Já Dori Goren, que trabalhou por 35 anos no Ministério das Relações Exteriores, tendo sido cônsul no Brasil até 2019, aponta para algumas mudanças positivas.

"A política vai ficar mais sensata, Netanyahu havia dividido o país. Esse novo governo não é ideológico, veio para sanar alguns pontos importantes. O país estava há dois anos e meio sem orçamento. Funcionários públicos não eram nomeados para postos vagos, assim como diplomatas estão há mais de um mês esperando para serem nomeados como representantes em outros países.
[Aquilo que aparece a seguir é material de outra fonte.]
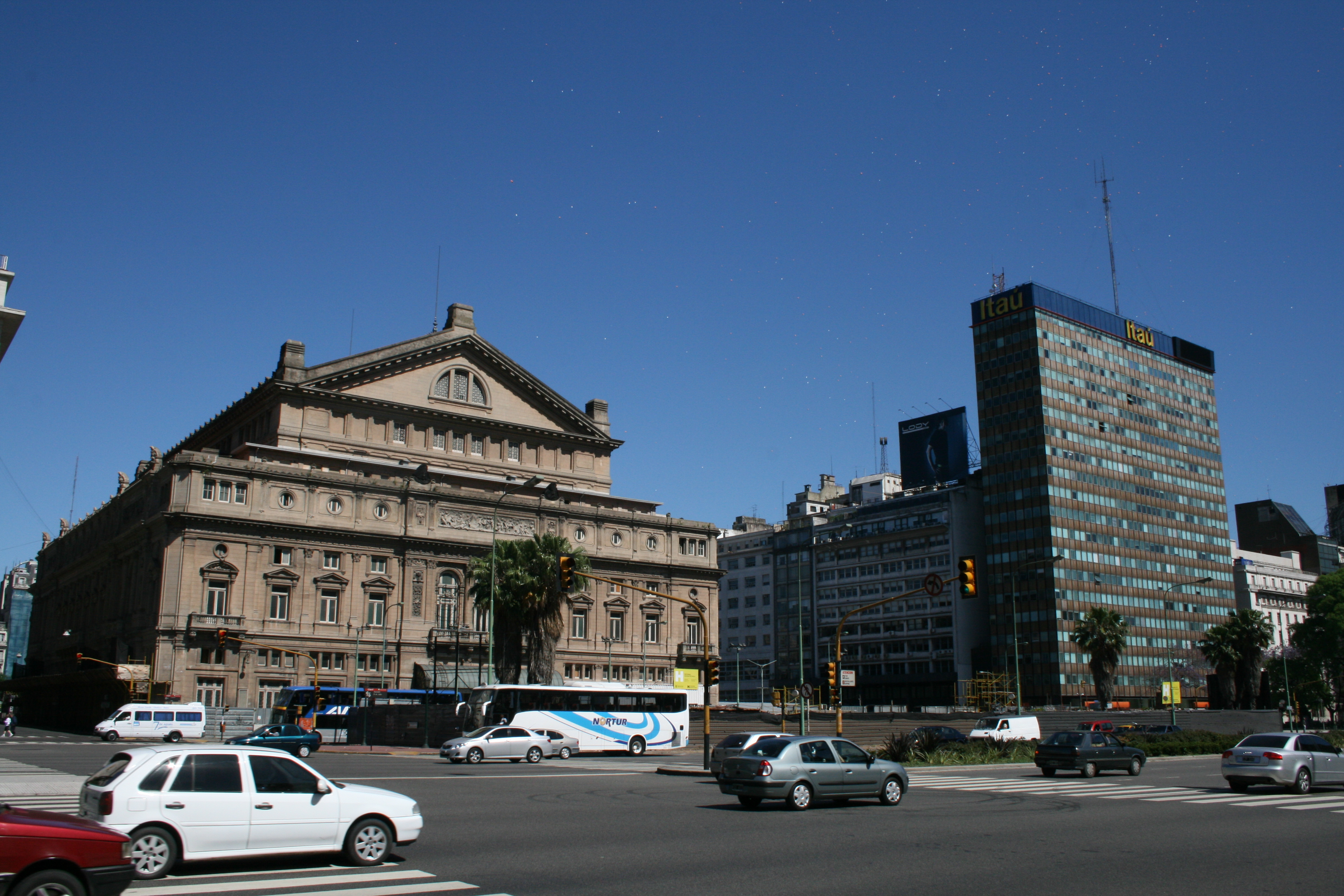 Image of the Teatro Colón in 2008.

Lapid já falou que irá voltar a valorizar e enviar recursos para o Ministério das Relações Exteriores e isso vai ajudar muito a melhorar ainda mais as relações de Israel", diz Goren.

Os acordos com os países do Golfo serão mantidos, segundo Goren, que se tornou consultor diplomático.

"Os acordos não eram com Netanyahu e sim com Israel, os interesses do país vão além do de um governo."

A coalizão de 1984

A situação do novo governo remonta a uma união após as eleições de 1984, quando o Partido Trabalhista venceu, mas não conseguiu formar sozinho o novo governo, tendo que se unir ao direitista Likud.

A união deu certo por um tempo, com Yitzhak Shamir, do Likud, como primeiro-ministro, se revezando com o trabalhista Shimon Peres. Israel conseguiu montar um plano econômico que acabou com a hiperinflação e deu estabilidade à moeda shekel.

Quatro anos depois, nas eleições de 1988, o Likud saiu vencedor, com uma pequena vantagem, e novamente formou um governo de coalizão, mas desta vez Shamir se manteve como primeiro-ministro e Peres, como ministro das Relações Exteriores. A partir de 1990, Shamir prosseguiu, já que o Likud conseguiu formar a maioria.